Он отомстил мне. Все зачёты я получил спокойно. Но Тюрин заставил меня дважды переделывать каждый чертёж.
Зачёт поставил в самый последний день зачётной сессии, часов в одиннадцать вечера. И когда он расписывается в зачётке, мне уж не до смеха.

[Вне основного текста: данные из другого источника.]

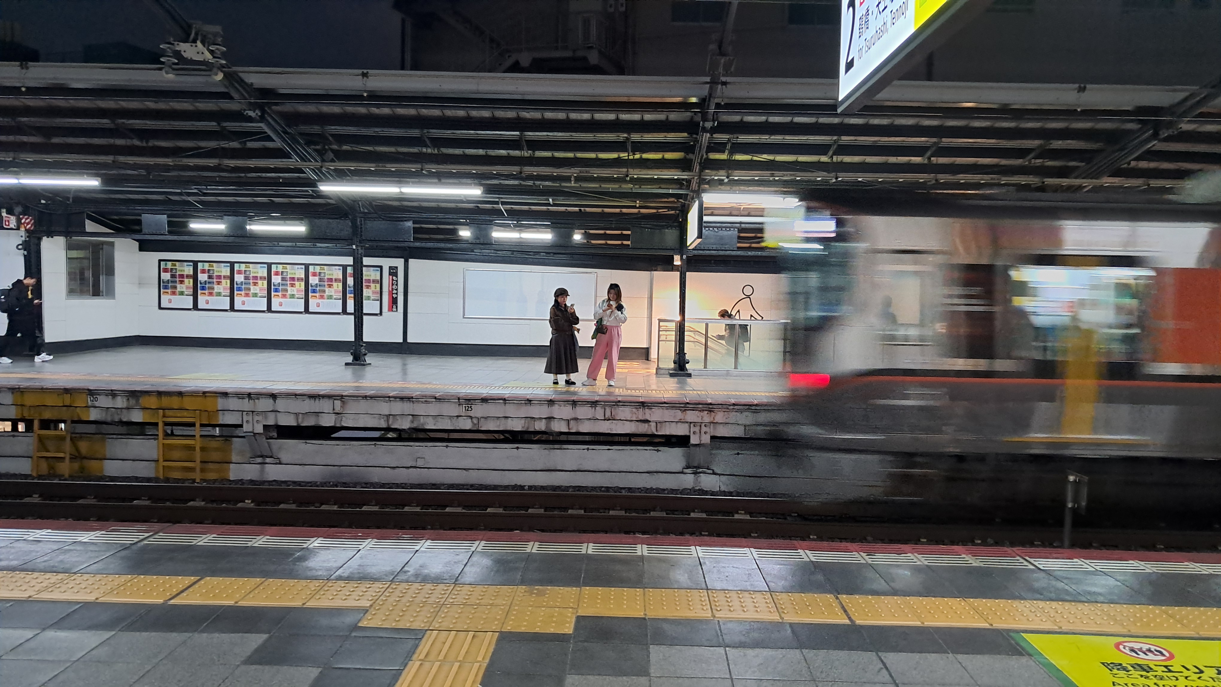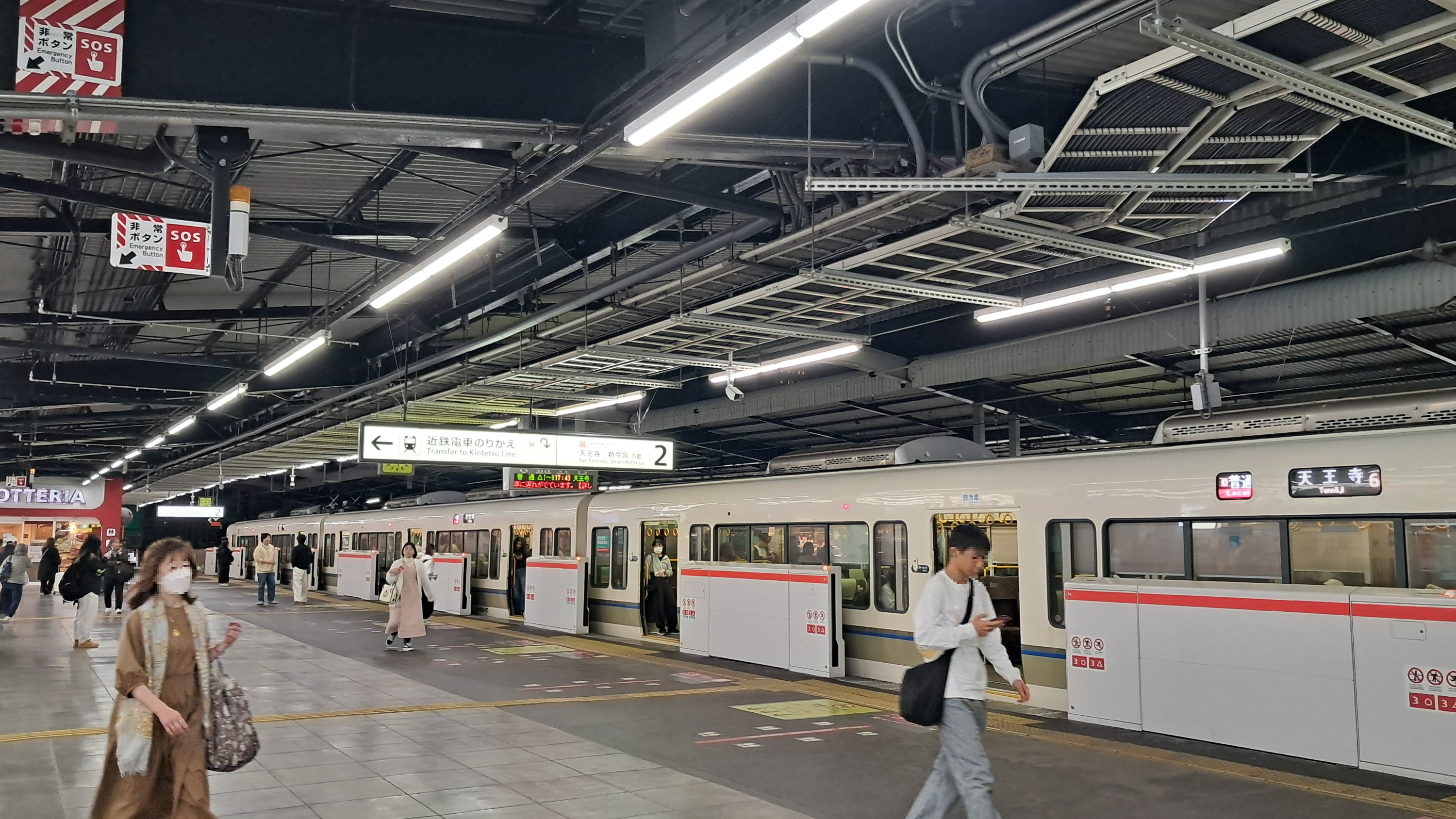 쓰루하시 방면의 승강장으로 올라왔습니다.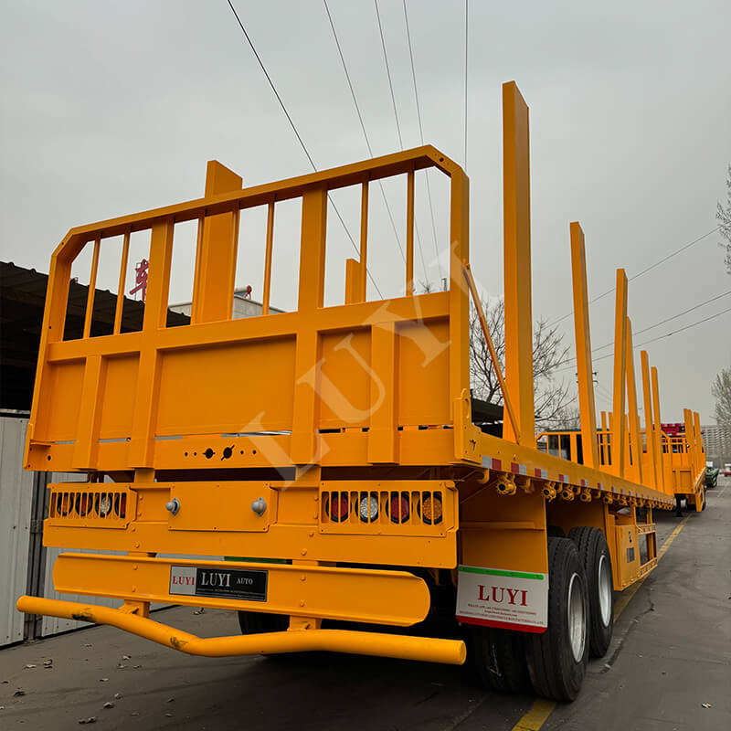 LUYI का 2-एक्सल 40-टन कॉलम फ्लैटबेड ट्रेलर व्यापक अनुकूलन विकल्पों के साथ लकड़ी के परिवहन के लिए तैयार किया गया है। लॉग, लकड़ी, या अन्य लकड़ी के उत्पादों को फिट करने के लिए साइडबोर्ड की ऊंचाई (30-80 सेमी उपलब्ध) को समायोजित करें, और बेहतर पकड़ के लिए चेकर प्लेट स्टील या एंटी-स्लिप लेपित डेक के बीच चयन करें।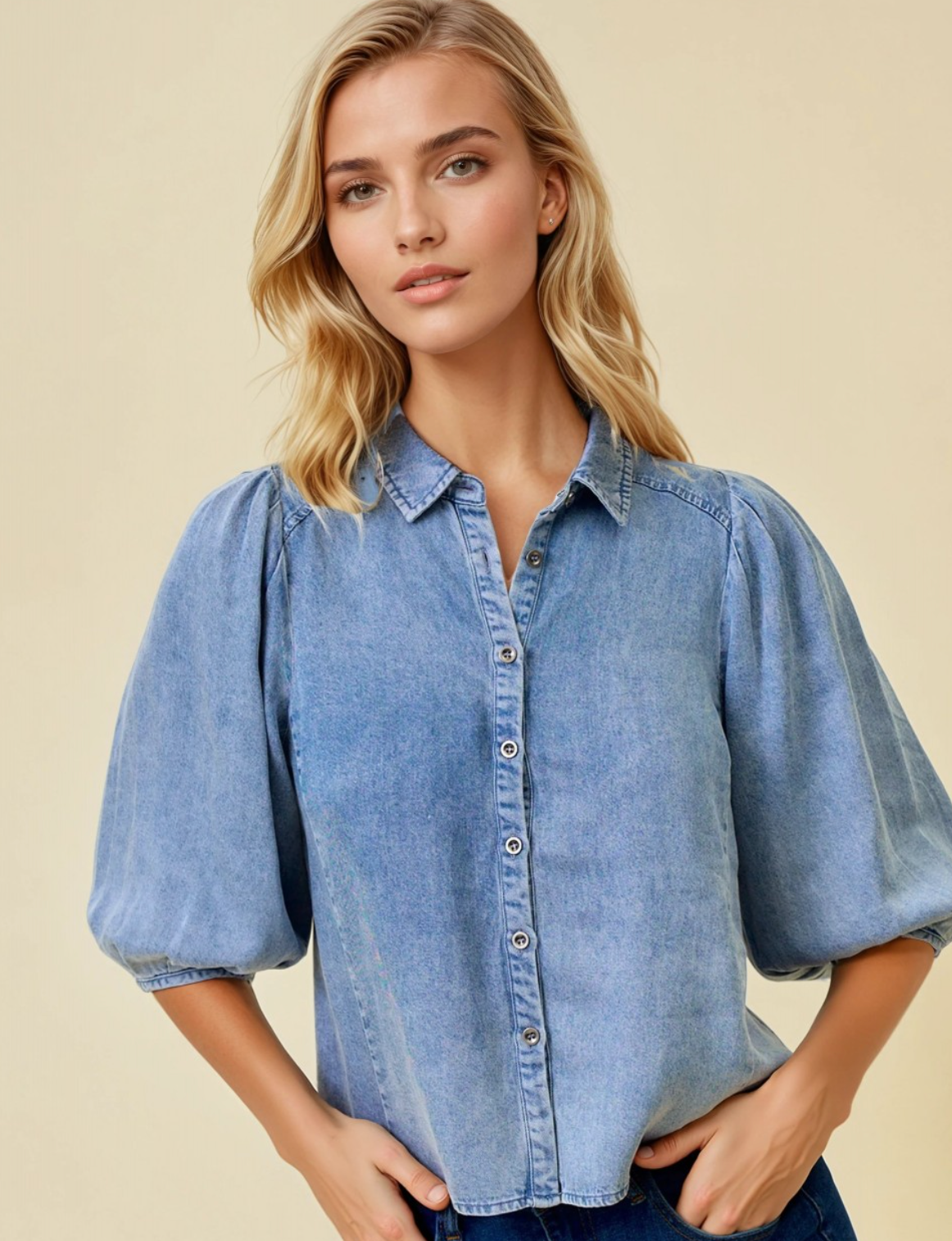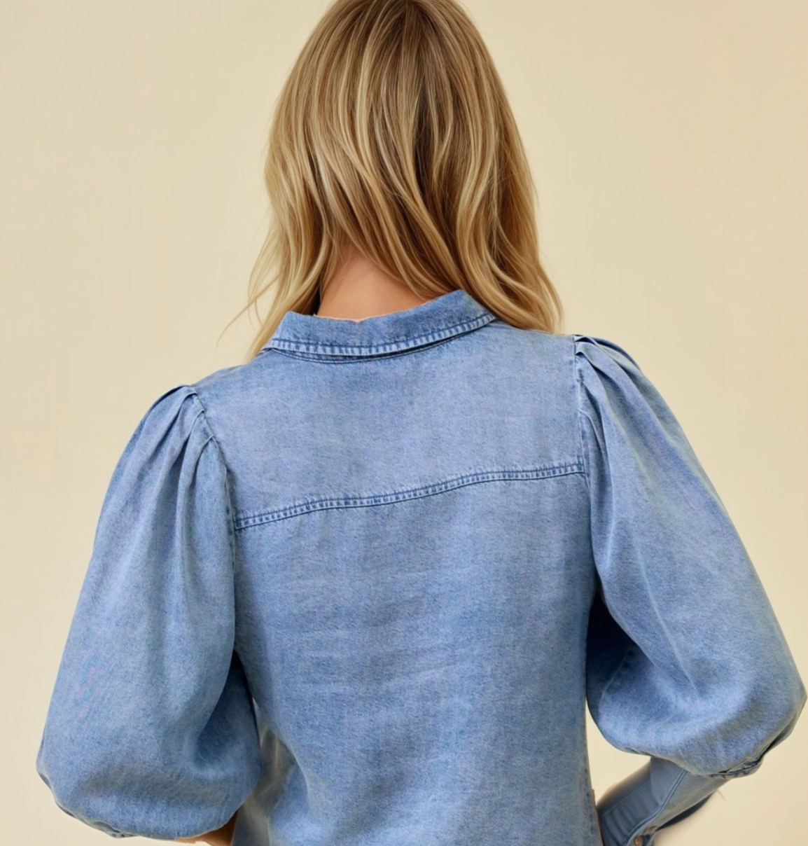 A fresh, feminine update to a classic denim shirt. This lightweight denim top features soft puff sleeves and a relaxed fit that’s easy to dress up or down. It’s the perfect blend of casual comfort and polished style.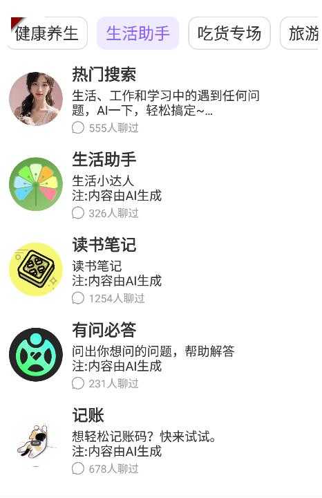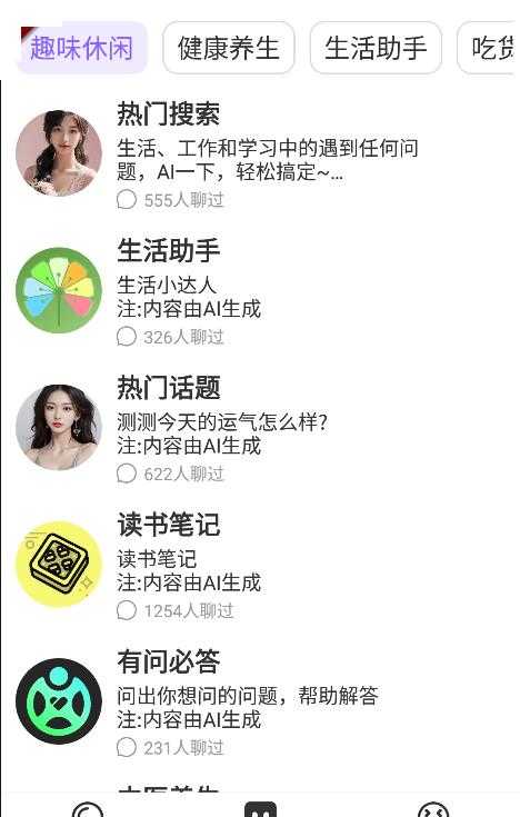 1、进入到ai对话板块能够看到各种话题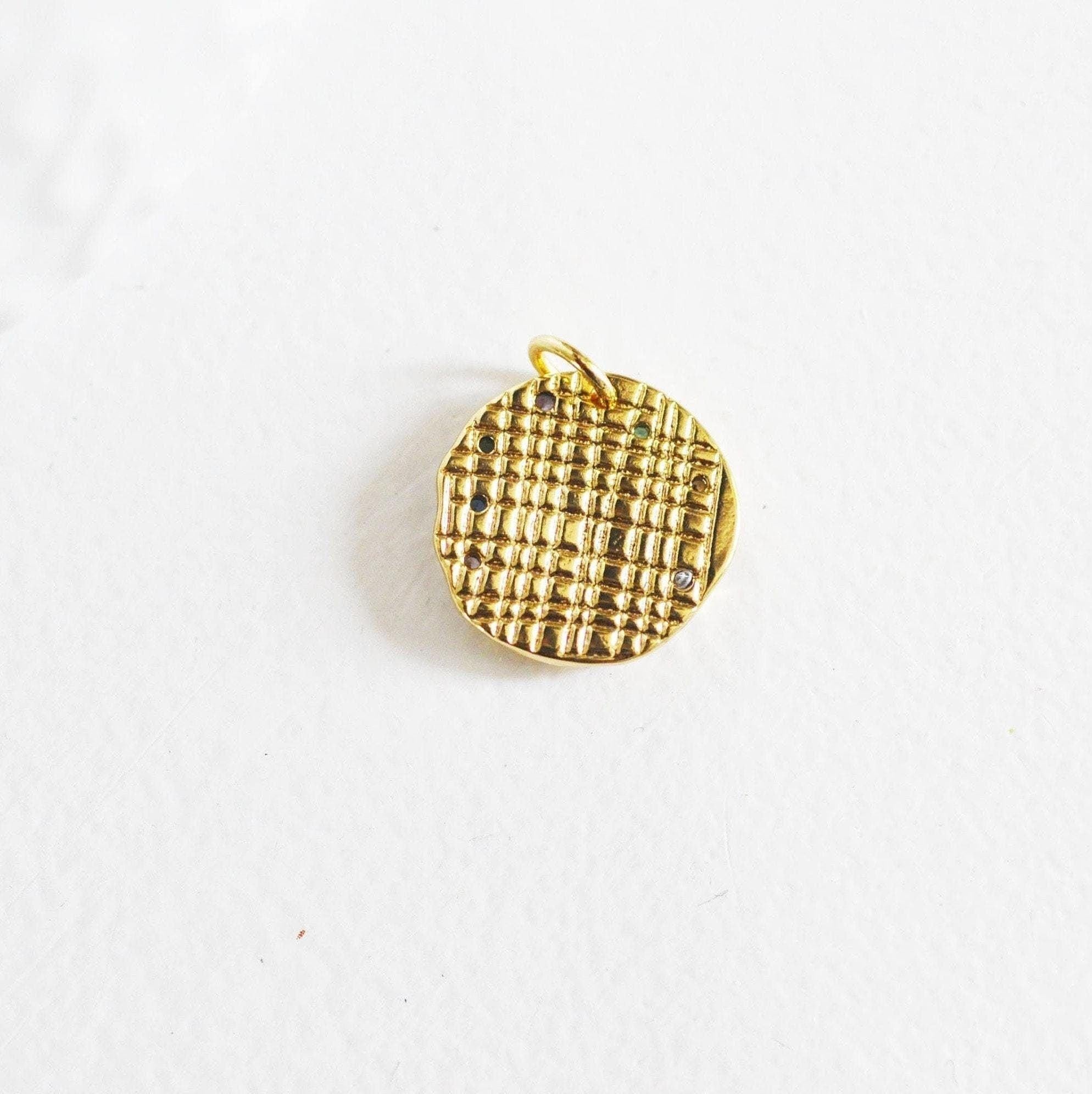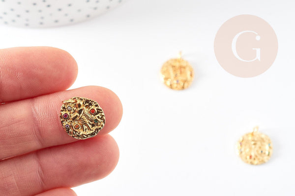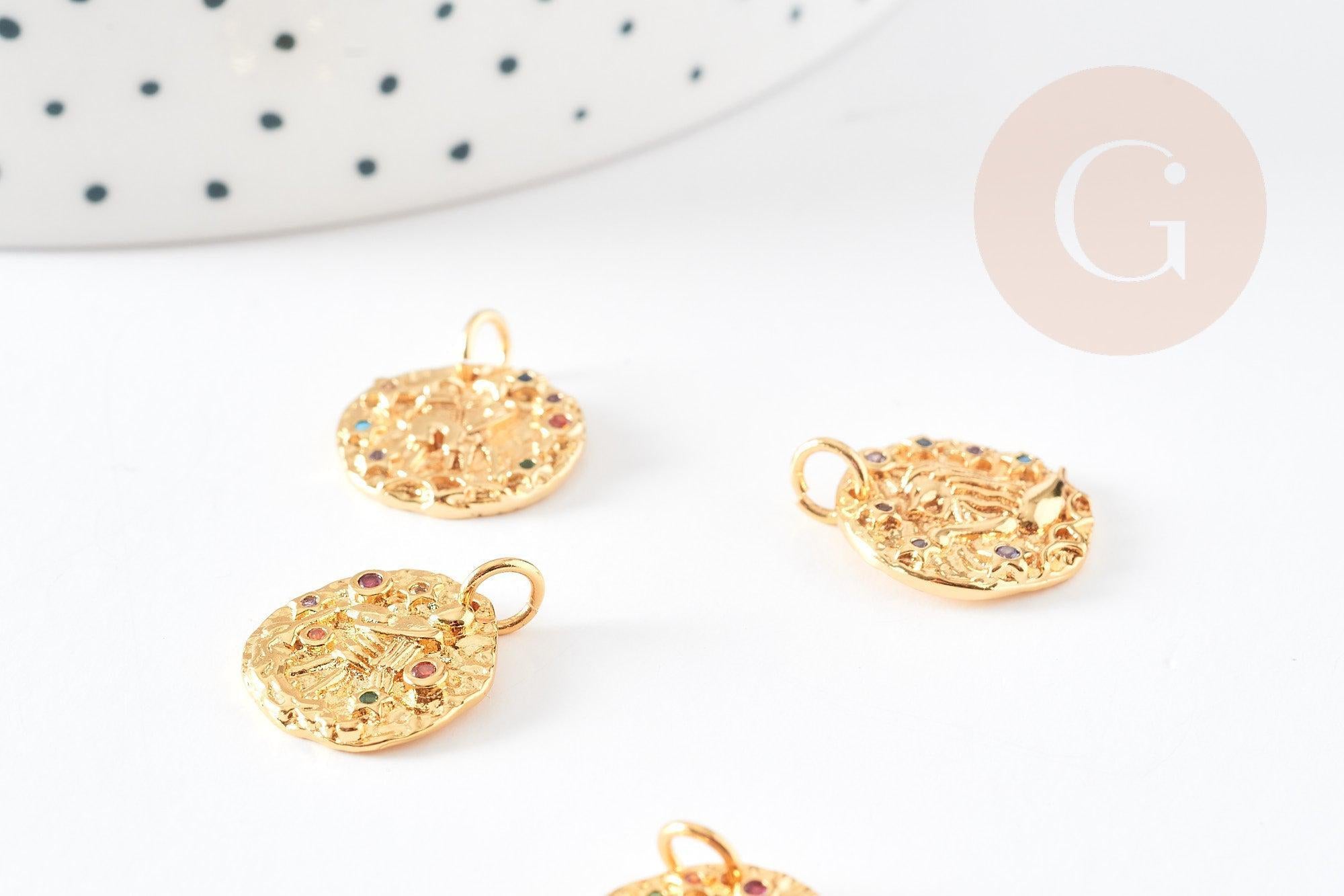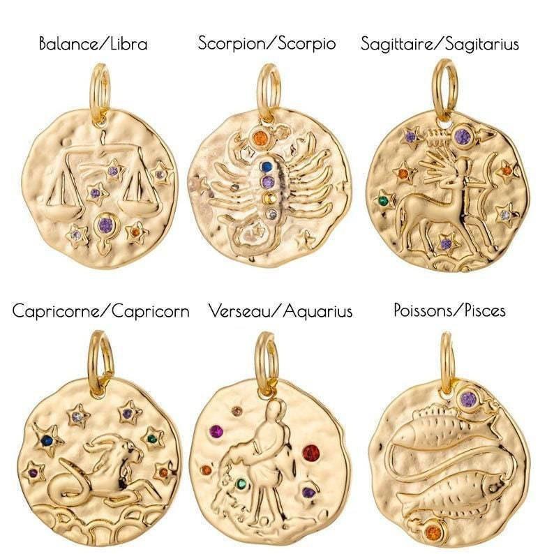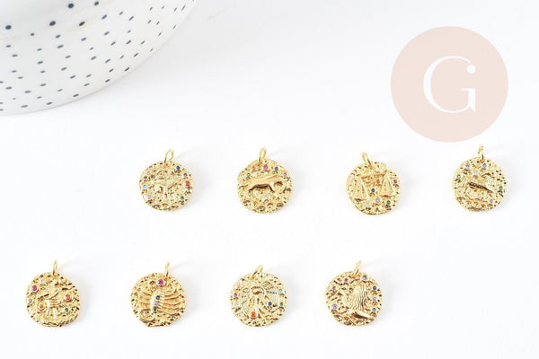 Fall for one of the round golden brass charms representing a astrological sign which will be the ideal element for the creation of several costume jewelry .
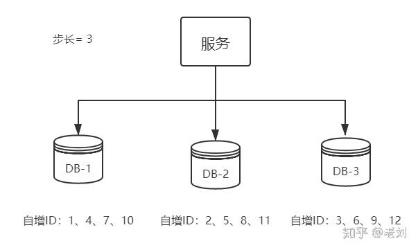 从上图可以看出,水平扩展的数据库集群,有利于解决数据库单点压力的问题,同时为了ID生成特性,将自增步长按照机器数量来设置。

С ненавистью смотрю на его лысину.
Ещё до начала семестра поговаривали, будто после зимней сессии отчисляют до двадцати процентов студентов. Теперь громче заговорили об этом.
Зондина нашего никак не назовёшь трусом. Он энергичен, напорист и вспыльчив. Но мнителен. «А вдруг я провалю один, два экзамена?» — мелькает в голове Зондина. Воображение рисует возможные последствия. Спокойный Яковлев сидит против него, что-то пишет. Зондин резко отталкивает от себя лекции. Вскакивает. Ходит по комнате, сунув руки в карманы.
Я сижу за столом на своей половине. Болконцев на койке. Перед ним тумбочка, на ней лекции и учебники.
— Но кто же входит в эти двадцать процентов? — рассуждает вслух Зондин. — Кто?
Он внимательно смотрит на Яковлева. Тот уже привык к неспокойному характеру своего приятеля, не обращает на него внимания. А Зондин так взволнован, что ему неприятно спокойствие Яковлева.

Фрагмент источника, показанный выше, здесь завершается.